Imaginons le processus démocratique comme un marché. Les idées et les politiques sont le produit, les partis politiques en sont les producteurs et les citoyens sont les consommateurs. Le vote est une sorte de prix que les consommateurs associent aux idées et aux propositions politiques. Si ton produit répond à un besoin et s’il est de bonne qualité, les gens l’achèteront. Si tu as de bonnes idées qui pourraient améliorer la vie des citoyens, s’ils te font confiance, ils voteront pour toi. Bien sûr, si tu n’arrives pas à gagner, à «vendre» tes idées, si les citoyens te préfèrent un autre «fournisseur», c’est que ton produit n’est peut-être pas aussi bon que tu le prétends, que tu es peut-être un mauvais vendeur ou même les deux à la fois. Ce n’est pas la faute des citoyens ni celle de tes concurrents. C’est ta faute, c’est ta responsabilité.

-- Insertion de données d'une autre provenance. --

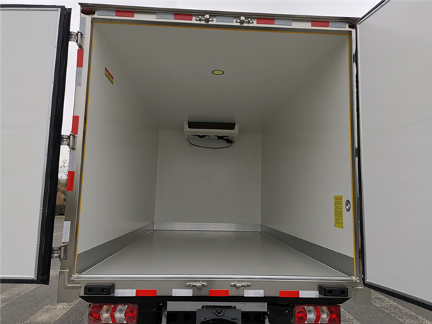 國(guó)六江鈴凱運(yùn)4米2冷藏車廂體配置為:采用斷橋隔熱工藝,整體框架結(jié)構(gòu)制作,廂體內(nèi)、外壁材料為玻璃鋼板,采用高密度保溫層,廂板內(nèi)帶有骨架,廂體厚度80mm,門框,門飾件、包角全部使用不銹鋼材質(zhì)。最新款鋁合金包邊型材,廂體內(nèi)采用LED照明燈及廂體示寬燈;門框密封條為橡膠材質(zhì),后門梁帶加厚防撞塊,加厚型不銹鋼鉸鏈及鎖件。車體副梁采用510L高強(qiáng)度鋼制作,底板為鋁花紋板,車廂后門帶一個(gè)上車扶手,其余標(biāo)配;

Parfois, un produit est tellement pourri que tu as beau essayer de le vendre et de le revendre, tu n’y arrives pas : les gens n’aiment pas, n’adhèrent pas, n’achètent pas. Tu remplaces ton vendeur en chef, tu redessines l’emballage, tu fais des tournées marketing et du porte-à-porte, rien n’y fait, ça ne décolle pas. Pire, tu stagnes, tu perds des parts de marché, tu te fais dépasser par de nouveaux concurrents plus dynamiques, plus innovants.

Alors tu t’essayes à une nouvelle stratégie : faire alliance avec un petit concurrent en pleine croissance qui a le vent dans les voiles. Une sorte de start-up des idées qui vient de se désigner un nouveau chef, jeune, ambitieux et fort charismatique et qui ne cesse de gruger des parts de marché sur ton flanc gauche. Ça pourrait bien renouveler ton image et redonner un souffle inespéré à ta courbe de croissance. Tu te dis qu’à deux, vous créerez une «synergie» qui vous permettra de battre votre adversaire commun, dont le monopole du pouvoir n’a que trop duré.

Sauf que les «actionnaires» de la petite entreprise ne sont pas naïfs. Ils savent que ton produit est pourri et qu’en s’y associant ils y perdront leur âme. Ils sont conscients qu’il y a entre vous une incompatibilité irréconciliable en matière de «culture d’entreprise». Ça ne collera pas. Ça ne marchera pas. Convaincus d’avoir un meilleur produit, ils croient sincèrement qu’un jour ils pourront devenir gros et qu’ils gagneront.

Semblable à une start-up des idées dynamique et en plein croissance, Québec solidaire a bien fait de décliner l’offre d’alliance avec le Parti québécois, une vieille «entreprise» politique stagnante qui n’arrive pas à se renouveler.

Puis, au lieu de retourner à ta table à dessin, de revoir ton produit, de l’affiner, de l’améliorer et de proposer de meilleures idées aux citoyens, tu accuses ton petit concurrent d’être responsable de tous tes maux. En fait, ce n’est jamais ta faute et, en gros, tu n’as absolument rien appris. Le marché t’achèvera. C’est bien dommage.

J’imagine que vous avez bien saisi l’analogie à haute saveur libertarienne. C’est l’histoire du Parti québécois et de Québec solidaire. Les membres de ce dernier me pardonneront la tendancieuse ironie de cette métaphore.